A mulher brasileira no mercado de trabalho

Enviada em 23/04/2020

Segundo a filósofa francesa Simone de Beauvoir, é por meio do trabalho que a mulher pode alcançar a sua independência e pode reduzir desigualdades sociais. Tal reflexão é verdadeira, no entanto, a sua aplicabilidade no mercado de trabalho brasileiro, em geral, é feita de forma lenta, em razão da manutenção de valores culturalmente e socieconomicamente estruturados nessa sociedade. Logo, torna-se necessário destacá-los não só com o objetivo de tornar a participação feminina no segmento laborativo mais impactante, mas também equiparada à masculina.

Em primeiro plano, o patriarcado histórico no Brasil reduziu, amplamente, o potencial das mulheres no mercado de trabalho nacional e favoreceu o predomínio dos homens nos principais segmentos de liderança e prestígio social. Isso é resultado do machismo estrutural, o qual exclui, deslegitima e dificulta a ascensão feminina na sociedade, ações contrárias aos ideias de liberdade defendidos por Simone de Beauvoir. Assim, essa parcela enfrenta empecilhos para alcançar os direitos sociais de isonomia elencados na Constituição Federal do Brasil, pois a representatividade politica nacional é, majoritariamente, masculina.
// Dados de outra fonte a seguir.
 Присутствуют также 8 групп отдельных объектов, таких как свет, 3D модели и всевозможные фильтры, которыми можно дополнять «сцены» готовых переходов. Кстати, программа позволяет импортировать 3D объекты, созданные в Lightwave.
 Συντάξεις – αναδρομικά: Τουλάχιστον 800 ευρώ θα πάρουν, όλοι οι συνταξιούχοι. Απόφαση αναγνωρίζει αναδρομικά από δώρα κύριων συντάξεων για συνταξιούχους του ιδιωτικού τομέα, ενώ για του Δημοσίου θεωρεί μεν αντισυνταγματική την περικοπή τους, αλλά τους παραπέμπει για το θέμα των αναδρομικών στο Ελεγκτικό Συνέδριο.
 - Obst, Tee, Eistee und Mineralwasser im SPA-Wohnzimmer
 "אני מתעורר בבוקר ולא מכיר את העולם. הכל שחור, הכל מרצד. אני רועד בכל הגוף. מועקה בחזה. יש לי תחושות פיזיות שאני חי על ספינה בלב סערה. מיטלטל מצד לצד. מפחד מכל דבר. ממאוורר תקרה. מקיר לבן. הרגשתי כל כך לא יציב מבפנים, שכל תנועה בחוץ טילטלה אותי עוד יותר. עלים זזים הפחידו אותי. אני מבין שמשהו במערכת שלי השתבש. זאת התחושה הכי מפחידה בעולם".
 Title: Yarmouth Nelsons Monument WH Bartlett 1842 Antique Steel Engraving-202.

Ademais, embora a mulher brasilera possua ampla criatividade para o desenvolvimento de novas técnicas e conhecimentos, contudo, a maior parte dos postos de trabalhos ofertados no país, infelizmente, inutiliza essas habilidades. Como exemplo, tem-se a atividade doméstica, que, na maioria dos casos, possui baixa remuneração e torna a mulher refém do seu companheiro para complementar a renda familiar. A partir desse cenário, a figura feminina torna-se vulnerável e é, constantemente, vítima de violência psicológica. Dessa maneira, o sociedade brasileira necessita valorizar a importância desse grupo no mercado trabalhista, por meio de politicas públicas que valorizem as condições biológicas e comportamentais femininas e proporcione uma maior equidade social.
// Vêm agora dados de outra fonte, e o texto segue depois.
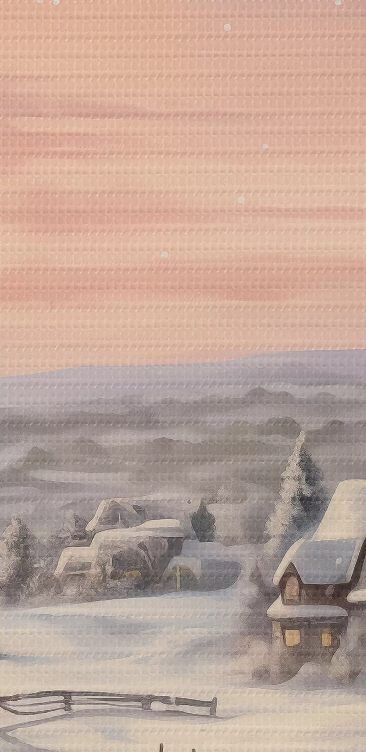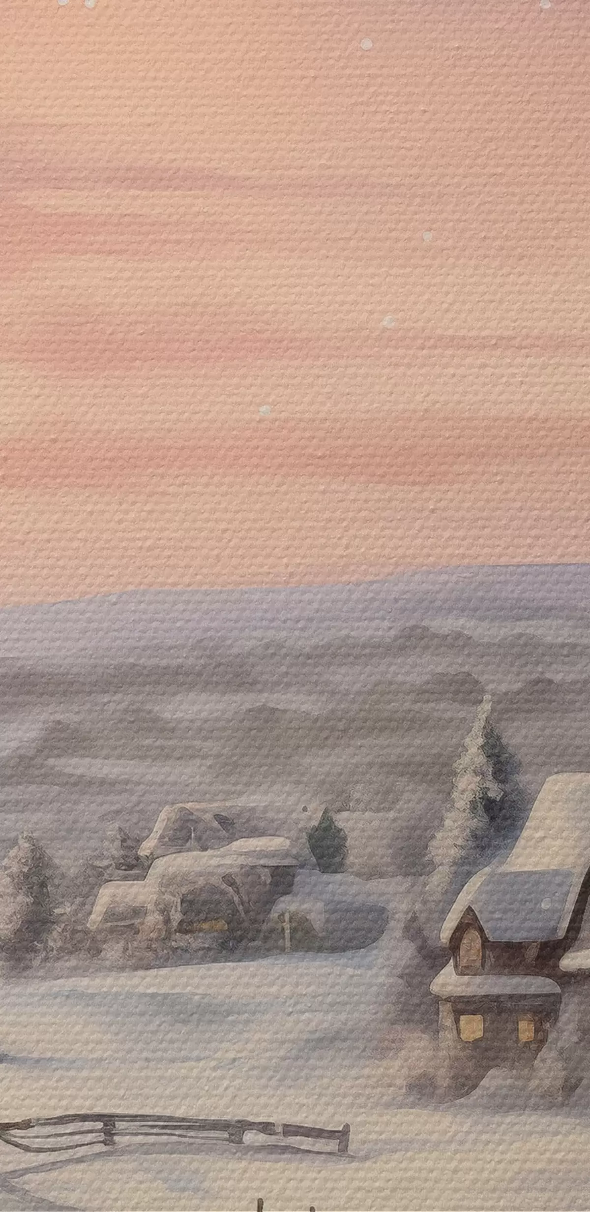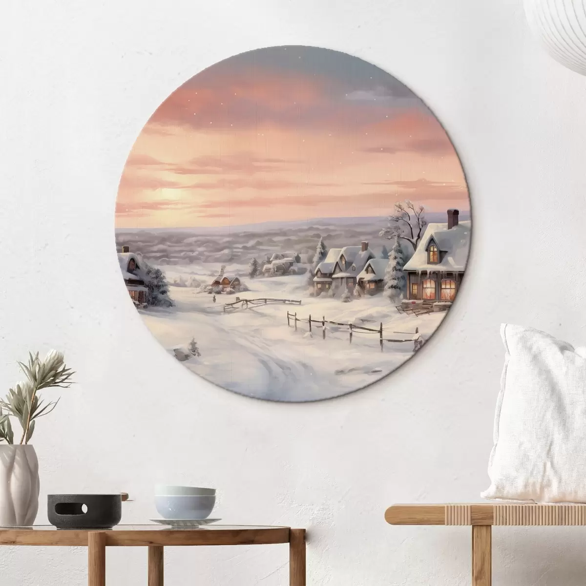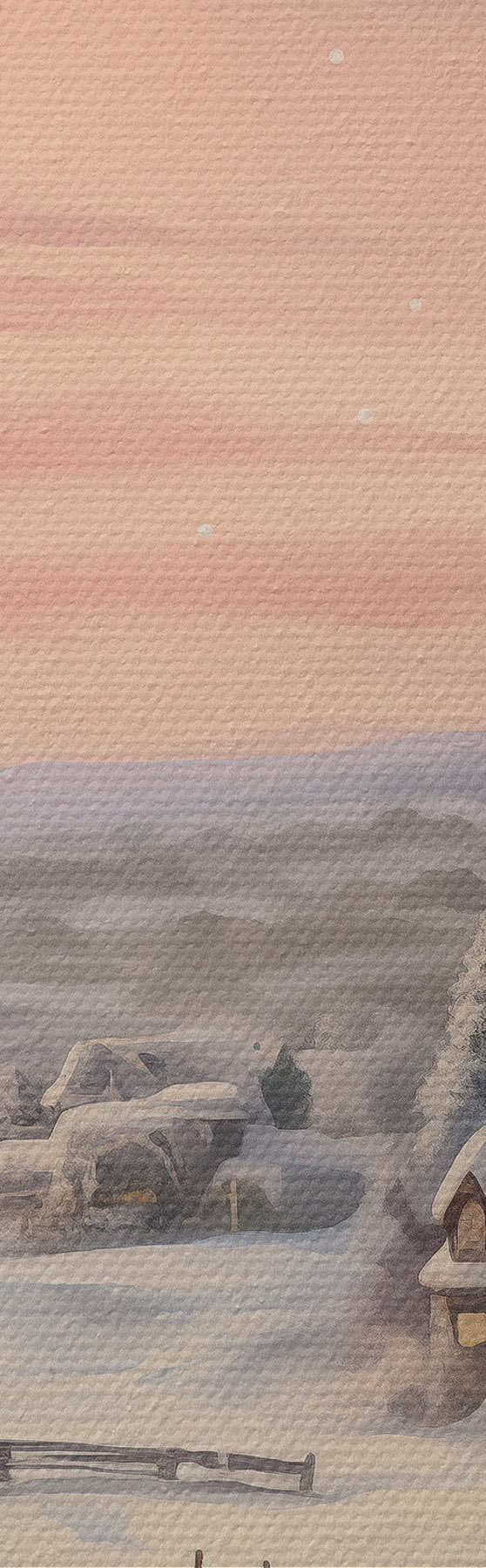 Obrázek Západ slunce v zimní vesnici, rustikální, akvarel, sněhové vločky Nr r41386
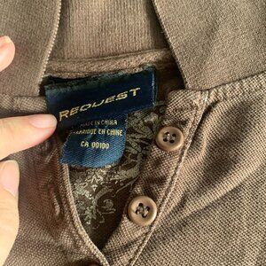 Brown button up with 2000's aesc detailing on the back and tag
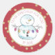 Festive red and gold "made especially for you " sticker featuring my lighthearted watercolor snowman holding a string of colourful holiday lights. Personalise text as preferred.
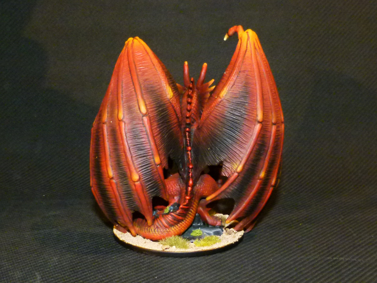 This winged, scaly bastard has sat unpainted on my shelf mocking me for over 4 years. I’d finished painting the rest of the game years ago, but never could face painting this guy. Well now consider him slain with the mighty airbrush. There was definitely a lot more I could have done here, more shading on the scales & wings etc, but really, I didn’t care to bother. This was a quick n’ dirty job just to get him done. The airbrush made fairly short work of him, leaving some of the smaller, fiddly details to pick out. Not overly pleased with the end result, but it feels good to have him completed after all these years
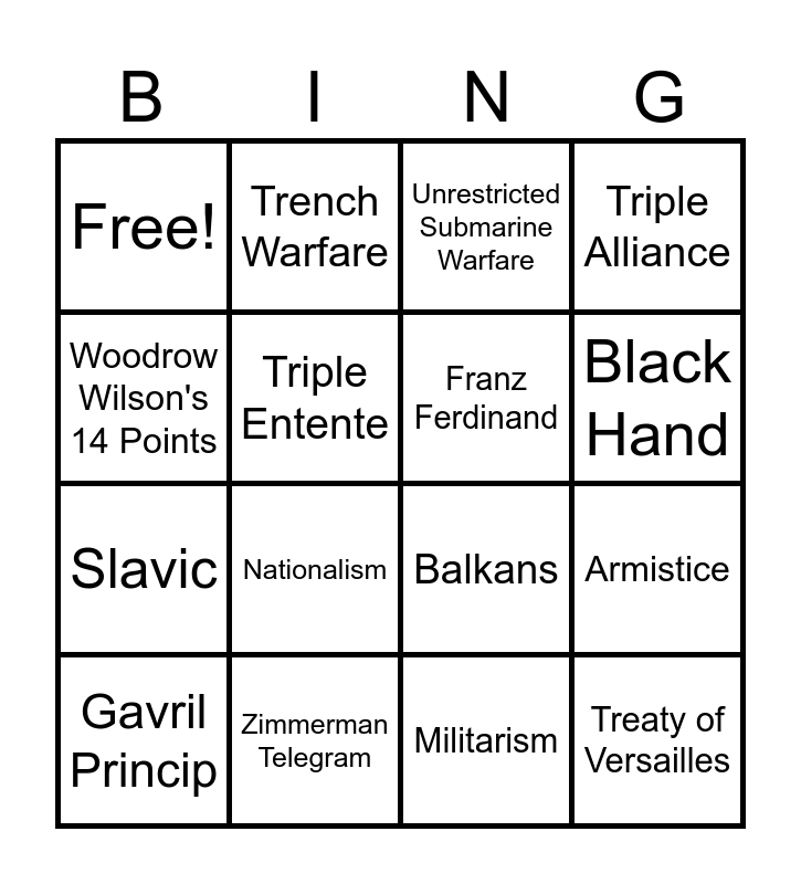 This bingo card has 16 words: Gavril Princip, Zimmerman Telegram, Unrestricted Submarine Warfare, Triple Alliance, Woodrow Wilson's 14 Points, Trench Warfare, Balkans, Armistice, Free!, Triple Entente, Militarism, Black Hand, Slavic, Nationalism, Franz Ferdinand and Treaty of Versailles.

Portanto, a fim de garantir que as mulheres brasileiras sejam mais valorizadas no mercado de trabalho, o Ministério da Mulher, da Família e dos Direitos Humanos, por meio de políticas afirmativas, deve criar um programa nacional para o estimulo à contratação e à promoção de mão-de-obra feminina nos cargos de liderança e de alta performance. Essa medida deve ser realizada em parceira com associações de mulheres que relatem as principais dificuldades enfrentadas por elas na ascensão no segmento laborativo. Anualmente, relatórios devem ser produzidos para serem avaliados e debatidos por toda a sociedade em fóruns nacionais, com a finalidade de averiguar os resultados das medidas implementadas e definir possíveis mudanças.